Given information =>
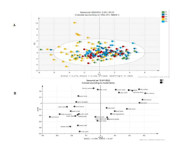 Our work differs from previous researches because of the use of the sensory profile test by multidimensional approach instead of the preferences test and the multivariate data analysis approach. This sensory test is often applied for detailed description of the sensory characteristics of a product. In this method, an assumption is accepted that sensory quality is not a single attribute, but it is a complex of many descriptors which can be individually estimated by a panel [17]. Moreover, in sensory analysis, it is common not to observe differences among means when a test of liking of an attribute is assessed because data have a great variability but if an PCA or PLS are applied to data, remarkable differences can be observed in a 2D scatter and loadings plots [18].
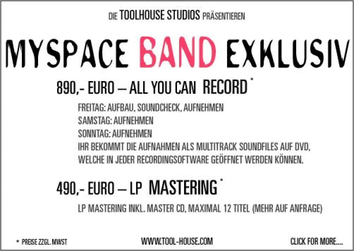 Sie lesen gerade: TOOLHOUSE Studios starten MYSPACE BAND EXKLUSIV Angebot
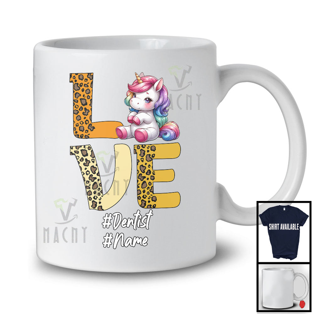 Personalized LOVE; Lovely Leopard Unicorn Lover Custom Name; Dentist Careers Jobs T-Shirt

Exercise instructions => Wording must stay exact. Give again the lines from the line with "Sie lesen gerade: TOOLHOUSE" through the last line of the listing, both ends included, without pictures.

Written answer =>
 Sie lesen gerade: TOOLHOUSE Studios starten MYSPACE BAND EXKLUSIV Angebot
 Personalized LOVE; Lovely Leopard Unicorn Lover Custom Name; Dentist Careers Jobs T-Shirt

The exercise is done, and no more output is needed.